Dataset excerpts:

- - -

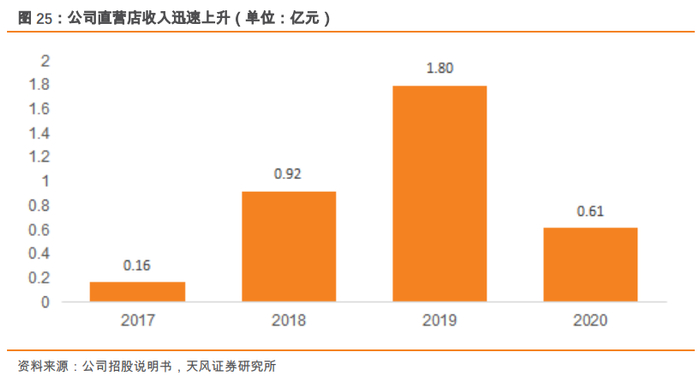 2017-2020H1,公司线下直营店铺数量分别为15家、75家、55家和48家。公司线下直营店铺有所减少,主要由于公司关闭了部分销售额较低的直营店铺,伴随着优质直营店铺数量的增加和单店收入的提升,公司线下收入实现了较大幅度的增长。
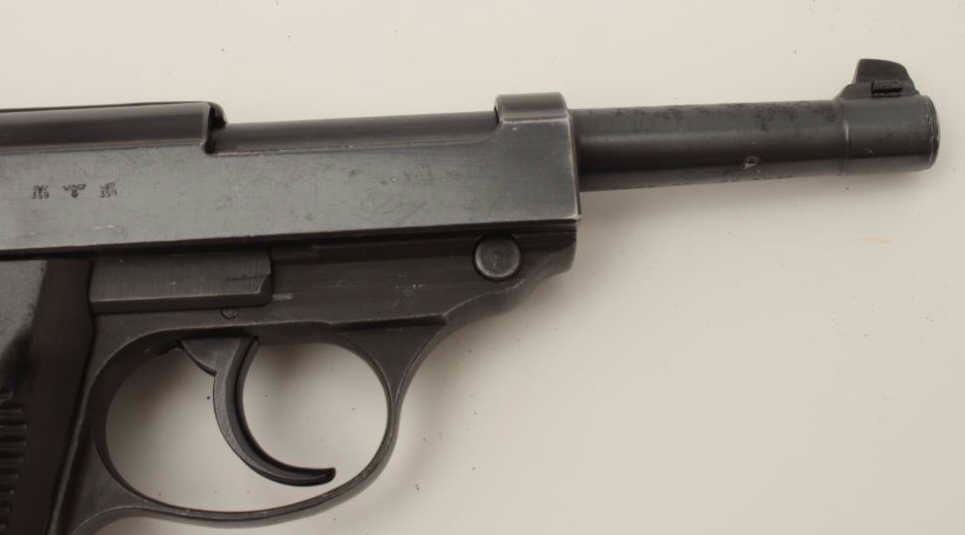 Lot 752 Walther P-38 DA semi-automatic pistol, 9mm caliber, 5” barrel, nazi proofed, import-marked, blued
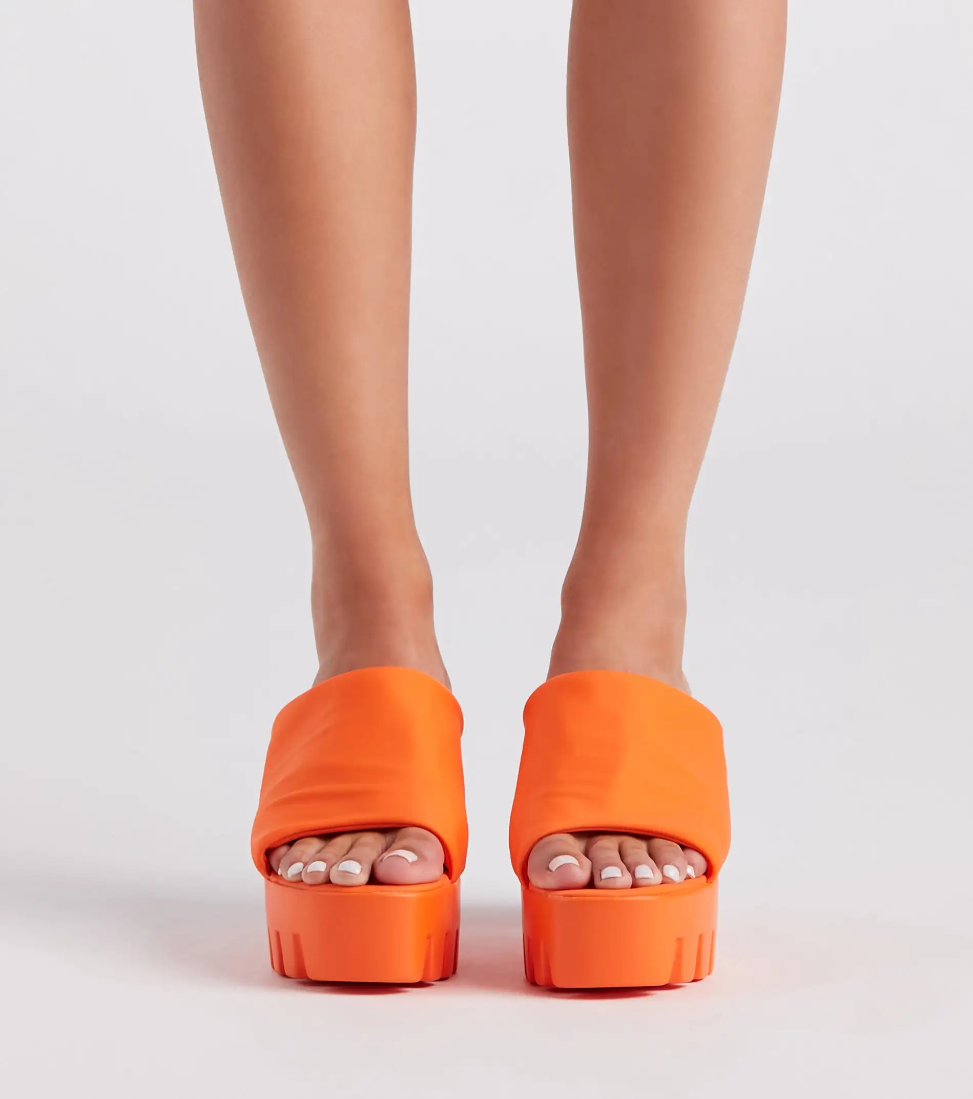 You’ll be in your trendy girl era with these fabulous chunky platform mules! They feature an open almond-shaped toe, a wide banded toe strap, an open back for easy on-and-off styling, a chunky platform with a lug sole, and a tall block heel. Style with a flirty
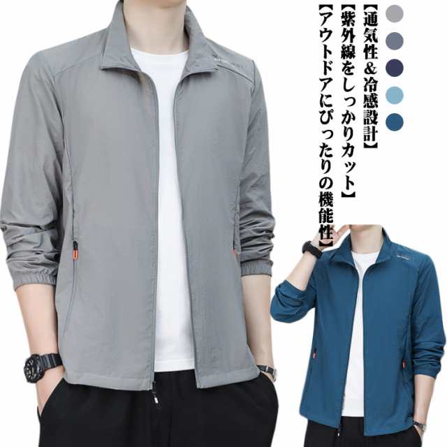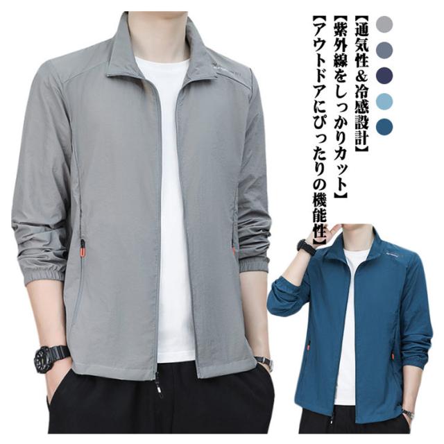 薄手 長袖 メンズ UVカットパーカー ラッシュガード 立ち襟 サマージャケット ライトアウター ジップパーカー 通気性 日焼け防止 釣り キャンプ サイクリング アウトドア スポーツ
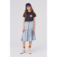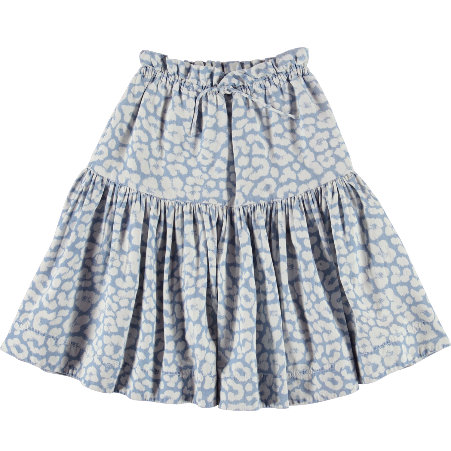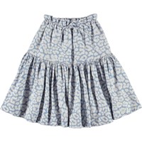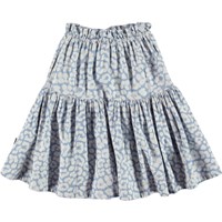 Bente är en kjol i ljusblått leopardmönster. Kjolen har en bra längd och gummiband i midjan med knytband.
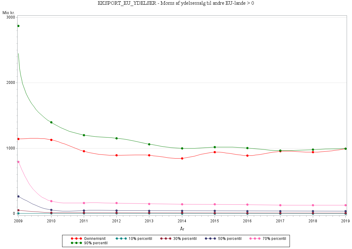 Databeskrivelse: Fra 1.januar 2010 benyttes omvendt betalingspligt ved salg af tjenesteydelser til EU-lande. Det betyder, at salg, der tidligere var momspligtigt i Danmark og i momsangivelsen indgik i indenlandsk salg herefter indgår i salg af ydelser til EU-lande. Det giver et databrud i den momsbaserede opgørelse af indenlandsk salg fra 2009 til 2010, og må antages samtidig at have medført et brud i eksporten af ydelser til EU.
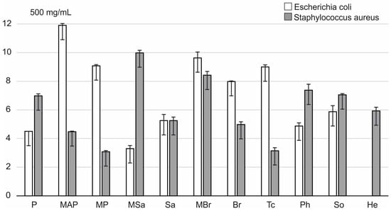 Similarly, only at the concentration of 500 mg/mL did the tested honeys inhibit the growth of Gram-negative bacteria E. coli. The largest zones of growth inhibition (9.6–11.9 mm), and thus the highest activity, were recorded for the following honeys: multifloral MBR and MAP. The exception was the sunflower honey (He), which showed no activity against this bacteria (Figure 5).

- - -

▶ Exercise details:
Apart from the pictures, which are to be omitted, every record must be transcribed exactly.

▶ Result for this exercise:
 2017-2020H1,公司线下直营店铺数量分别为15家、75家、55家和48家。公司线下直营店铺有所减少,主要由于公司关闭了部分销售额较低的直营店铺,伴随着优质直营店铺数量的增加和单店收入的提升,公司线下收入实现了较大幅度的增长。
 Lot 752 Walther P-38 DA semi-automatic pistol, 9mm caliber, 5” barrel, nazi proofed, import-marked, blued
 You’ll be in your trendy girl era with these fabulous chunky platform mules! They feature an open almond-shaped toe, a wide banded toe strap, an open back for easy on-and-off styling, a chunky platform with a lug sole, and a tall block heel. Style with a flirty
 薄手 長袖 メンズ UVカットパーカー ラッシュガード 立ち襟 サマージャケット ライトアウター ジップパーカー 通気性 日焼け防止 釣り キャンプ サイクリング アウトドア スポーツ
 Bente är en kjol i ljusblått leopardmönster. Kjolen har en bra längd och gummiband i midjan med knytband.
 Databeskrivelse: Fra 1.januar 2010 benyttes omvendt betalingspligt ved salg af tjenesteydelser til EU-lande. Det betyder, at salg, der tidligere var momspligtigt i Danmark og i momsangivelsen indgik i indenlandsk salg herefter indgår i salg af ydelser til EU-lande. Det giver et databrud i den momsbaserede opgørelse af indenlandsk salg fra 2009 til 2010, og må antages samtidig at have medført et brud i eksporten af ydelser til EU.
 Similarly, only at the concentration of 500 mg/mL did the tested honeys inhibit the growth of Gram-negative bacteria E. coli. The largest zones of growth inhibition (9.6–11.9 mm), and thus the highest activity, were recorded for the following honeys: multifloral MBR and MAP. The exception was the sunflower honey (He), which showed no activity against this bacteria (Figure 5).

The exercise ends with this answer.